MUTUAL BENEFITS CORPORATION
The MBC Receiver is now collating and digesting the result of the poll of investors as to the destiny of the MBC policies into which they have invested.
The Receiver’s 15th Report deals with immediate and future strategy so it is relevant to all. It addresses the sale of shares in policies for which the majority of investors voted to maintain and whilst I am not happy about the method of selling unwanted shares it is perhaps, like democracy, better than any alternative.
I moved swiftly from being an enthusiast for buying in a fire sale to totally averse at the prospect of guessing a realistic value for the investment and sending a cheque into a possible void. One is assured that non-winners money will be returned which is the triumph of hope over experience. The postal problems have been a nightmare as I have discovered dealing with investors in both Spain and Mozambique.
Not surprisingly the Receiver is looking to divest himself of the services operations now provided by VSI. When the Receiver follows the viators he will probably have MBC writ large where Queen Mary had Calais.
The magnitude of the Receiver’s task is illustrated by 52,239 Option Preference forms being dispatched relating to 6,901 active policies valued at $1.45 billion. Investors elected to maintain 3,037 policies, to sell 3,138 and to surrender 119 policies. The result of the poll should be posted on the Receiver’s web site within a couple of weeks. Investors should by now have been informed of the decision to maintain policies. A number of polices failed to achieve a majority or were a tied vote and the Receiver is applying to the court for an order to exercise a casting vote.
The reason for the unseemly haste to complete the sale and purchase of unwanted shares is that the day of reckoning approaches when investors will be obliged to start paying premiums, so 25th May is deadline day.
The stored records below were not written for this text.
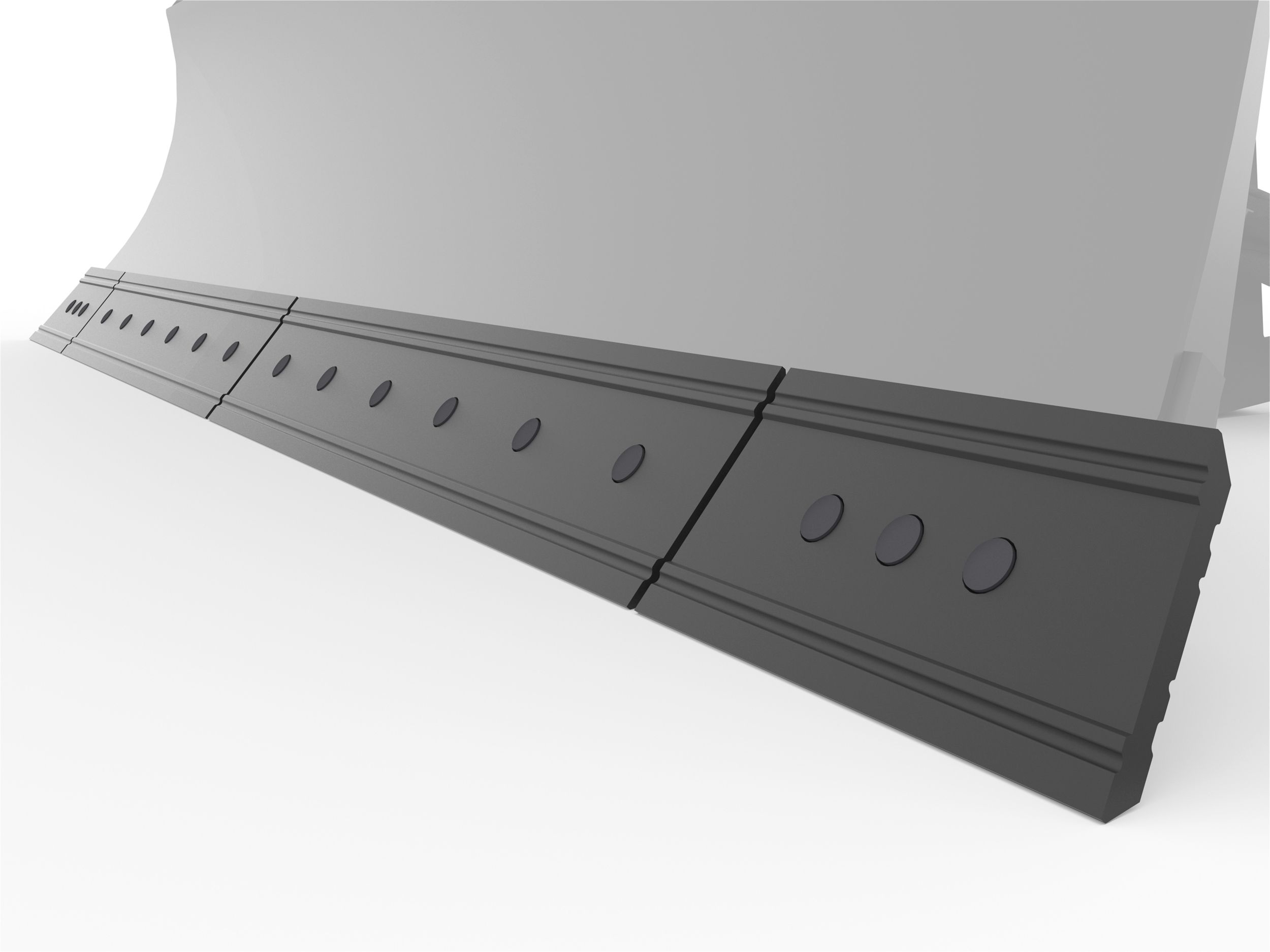 Four replaceable, bolt-on, cutting edges ensure a long service life of the blade. Wear indicator bars on cutting edges provide a visual indication of remaining cutting-edge life. Center cutting edge sections can be flipped for double life.
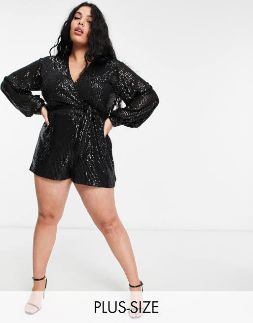 Saint Genies Plus - Combishort en sequins à manches ballon - Noir
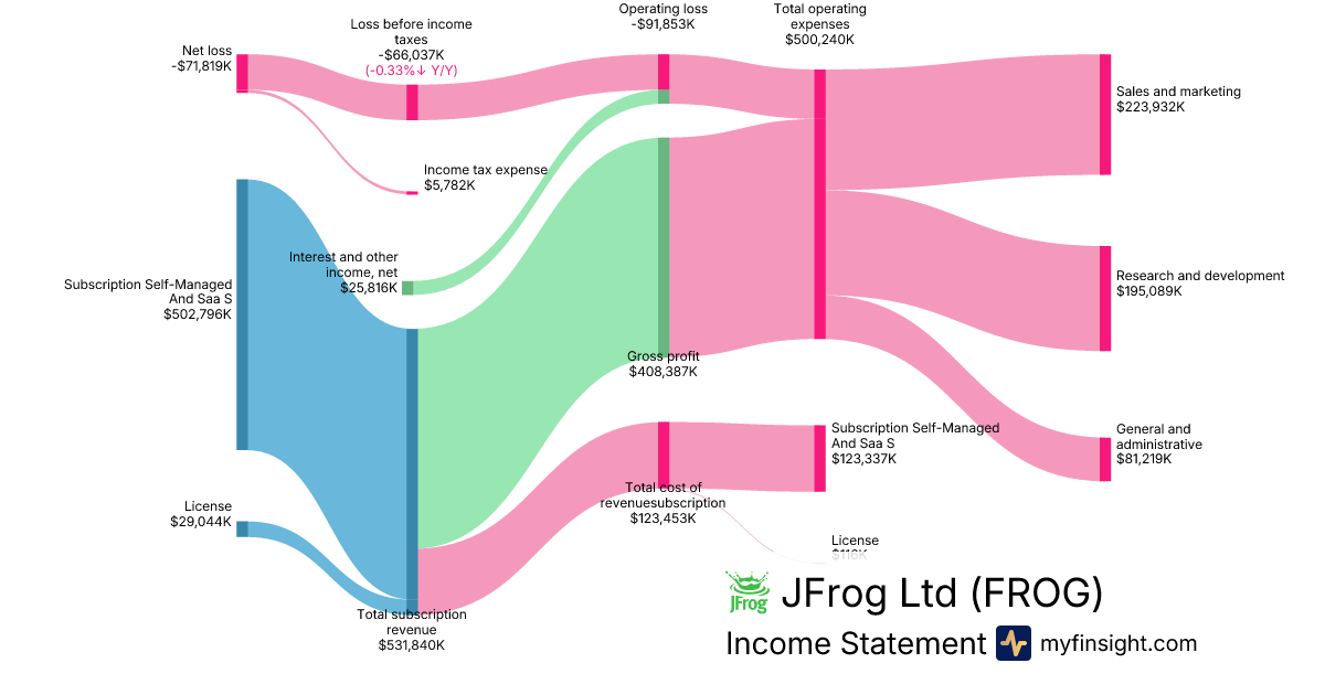 For the year ending 2025-12-31, FROG made $531,840K in revenue. -$71,819K in net income. Net profit margin of -13.50%.

The Receiver wrote on 21st April to dissenting investors who opted to sell their shares in policies, which the majority voted to maintain, asking them to confirm their desire to sell to their fellow investors. The unfortunate seller of a share will have to bear the cost of sale exacerbating the agony. If such unwanted shares are not sold the Receiver will attempt to reduce the face value of the policy with the insurer and failing that will land the premium on the remaining investors pro rata. If that fails the policy will be sold so everybody would lose out.
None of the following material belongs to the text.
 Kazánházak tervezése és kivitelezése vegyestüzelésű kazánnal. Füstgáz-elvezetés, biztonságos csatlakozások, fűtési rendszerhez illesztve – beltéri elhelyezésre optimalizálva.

VSI have been handling viatical policy services and administration such as premium payments and keeping track of viators, processing death benefits (there is a bone of contention) and investor relations (a bigger bone of contention). VSI’s task in dealing with investors will become more onerous after the current policy sale and they will take over policy maintenance from MBC. As administration appears to be a complete shambles now all does augur well for the future. Where are the cheques relating to matured policies?
The bad news is, of course, that investors will start bearing the responsibility for premium payments from June 2006 until the viators honour their part of the bargain. Somewhat alarmingly the Receiver is backing away from the responsibility for managing, servicing and gathering in the premiums after the first run at it. It looks like the Receiver wants to hive off this operation on a commercial basis, which means the investors will have to foot the bills. In blunt terms the Receiver may sell his responsibilities to the highest bidder who will then get his money back by way of administration charges levied on the investors. The Receiver is chewing on this one and welcomes your input. The Florida Office of Insurance Regulation will vet the candidates. Did they vet MBC?
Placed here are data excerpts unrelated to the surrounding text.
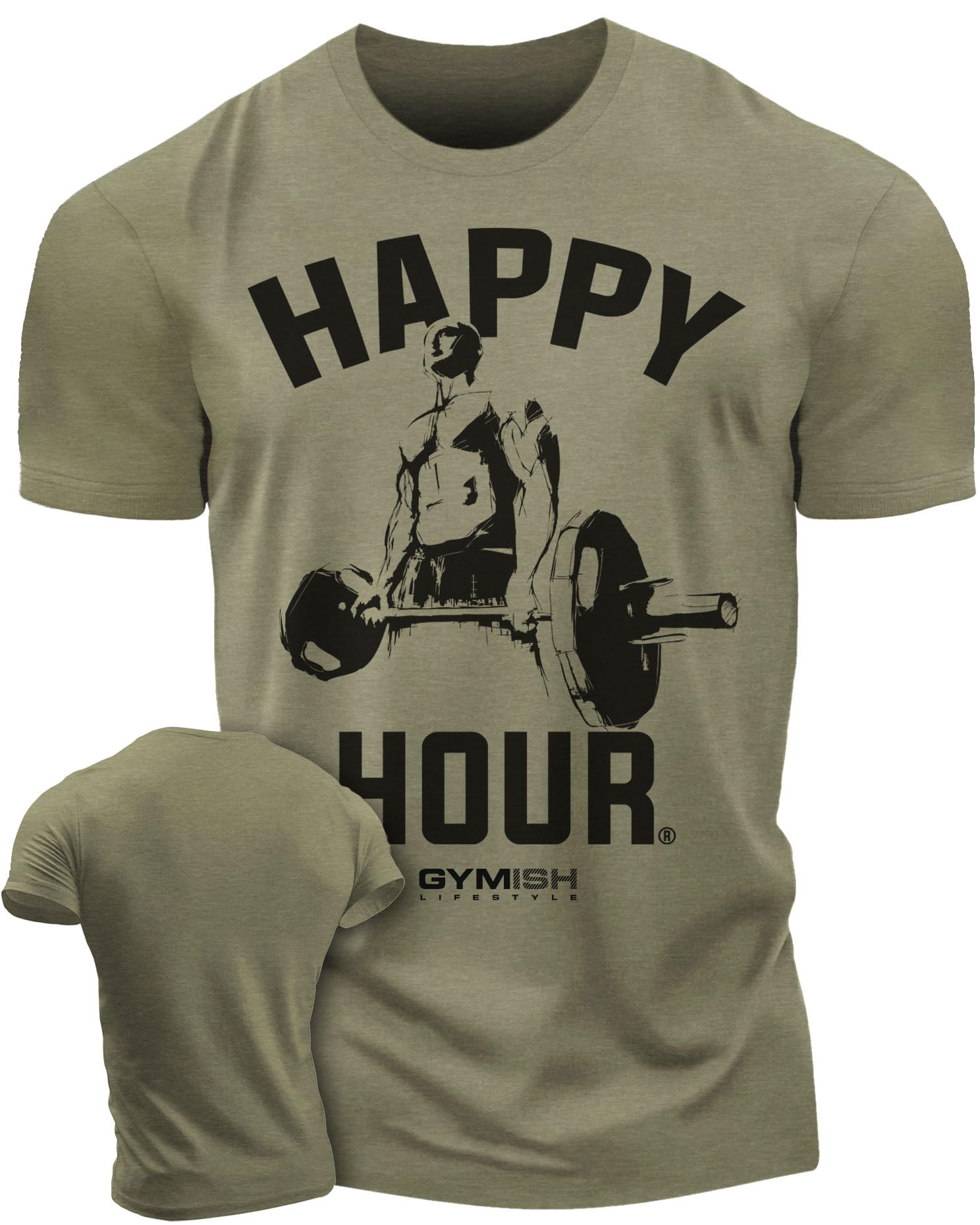 Happy Hour Deadlift Gym Shirt - Introducing Gymish Lifestyle's collection of male gym workout t-shirts, the perfect addition to your workout wardrobe. Our motivational gym t-shirts are designed to inspire and motivate you to push harder and reach your fitness goals. Whether you're hitting the gym, w
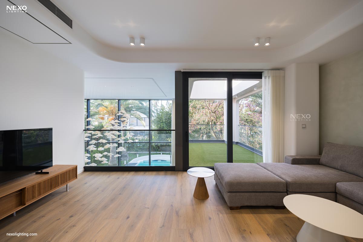 The living area features surface-mounted “Echo Plus” downlights for general lighting and “Unique” luminaires to highlight key elements.
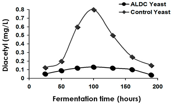 - Yamano, S.; Tomizuka, K.; Sone, H.; Imura, M.; Takeuchi, S.; Inoue, T. Brewing performance of a brewer’s yeast having α-acetolactate decarboxylase from Acetobacter. aceti spp. xylinum in brewer’s yeast. J. Biotechnol. 1995, 39, 21–26. [Google Scholar]
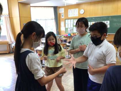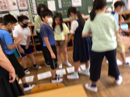 5年生の教室から大盛り上がりの声が聞こえてきます。外国語で日にちを表す言葉を言わなければ、先に進めないゲームをしていました。November 13と、言わなければいけないし、ジャンケンに勝って相手ゴールまで進まなくてはいけないし...ということで、自然に英語表現が身についたかな。
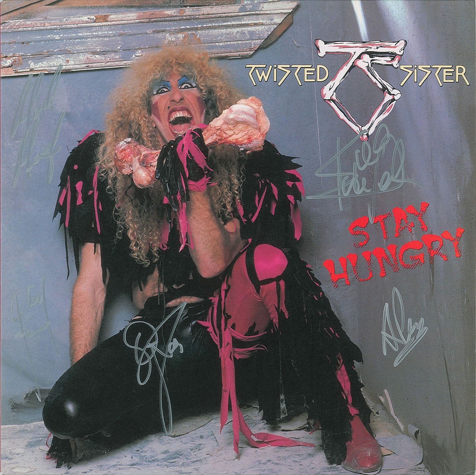 Stay Hungry album signed on the front cover in silver ink by Dee Snider, Eddie Ojeda, Jay Jay French, Mark Mendoza, and A. J. Pero. In fine condition. The record is included.
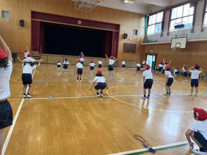 天候が悪かったので、体育館で水遊びの学習について、バディーを組んだり、入り方を学んだりしました。
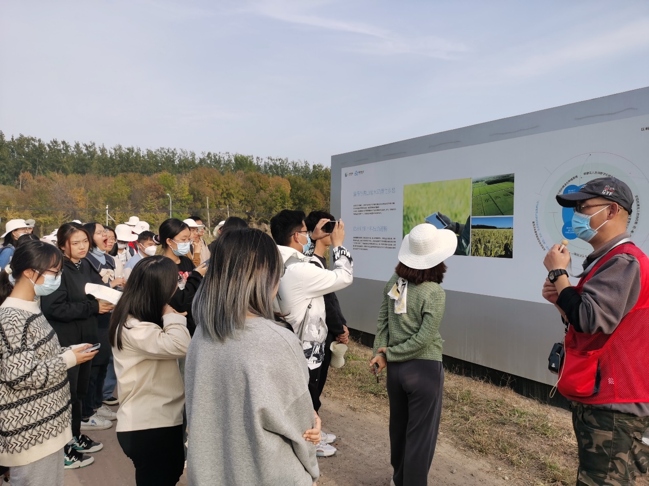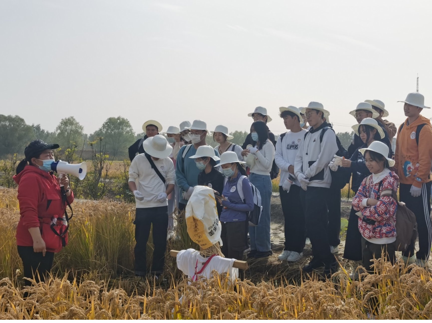 下午,全体师生来到京西稻保护性种植基地。同学们学习了水稻生物多样性保护的策略、生态环境要素对京西稻种植变迁的影响,了解了京西稻农业遗产与生态环境、经济社会和地区文化之间的关系。在京西稻博物馆,同学们在农产品加工的全过程中认识到农业废弃物循环利用的方式及其经济意义。

VSI itself might be sold and it is an asset of the Receivership. The Receiver is contemplating the problem of balancing the commercial interest of the party who takes over policy administration and service motivated by profit and the interests of the investors who may not relish the prospect of paying for it. The plus side is that the proceeds of any such sale accrue to the Receivership so indirectly you get your own money back or money’s worth. The downside is the conflict of interest between those who pay to maintain policies and those who do not and whoever takes over the servicing and administration will want a return on their investment, so you end up paying anyway. Economists call it wealth redistribution. Do not even mention Bernie Cornfeld, IOS and Robert Vesco.
The Receiver will in due course hand over the reins of ownership of the policies to a Court-appointed trustee until such time as the last policy matures. The Receiver’s stated intention is to make each investor a named beneficiary of the policy in which he/she has invested, but that is not as simple as it might sound. This proposal would be unacceptable to many insurance companies on the basis of fractional beneficial interests. There are all sorts of problems relating to assignments of investor’s shares now as well as future problems when investors fail to pay their share of premiums. The Receiver will apply to the Court for the appointment of nominee beneficiaries to facilitate this process.
Investors have opted to sell 3,138 policies with a total face value of $383,850,782.72 and the Receiver is working on the sale of these policies talking to various interested parties.
The court Order of 8th May does not pull its punches on the Steinger brothers alleging Leslie and Joel ‘unjustly enriched themselves by extracting tens of millions of dollars in consulting fees from MBC and VBLLC and by converting millions of dollars from MBC and VBLLC for their personal benefit’. The Steingers are still ducking and diving and refusing to come out with their hands up. The court allowed them to wriggle out of two counts of fraudulent transfer, but they are firmly in the frame on the main allegations against them, which are sufficient for investors’ purposes and ends. This order makes interesting reading on American and Florida law.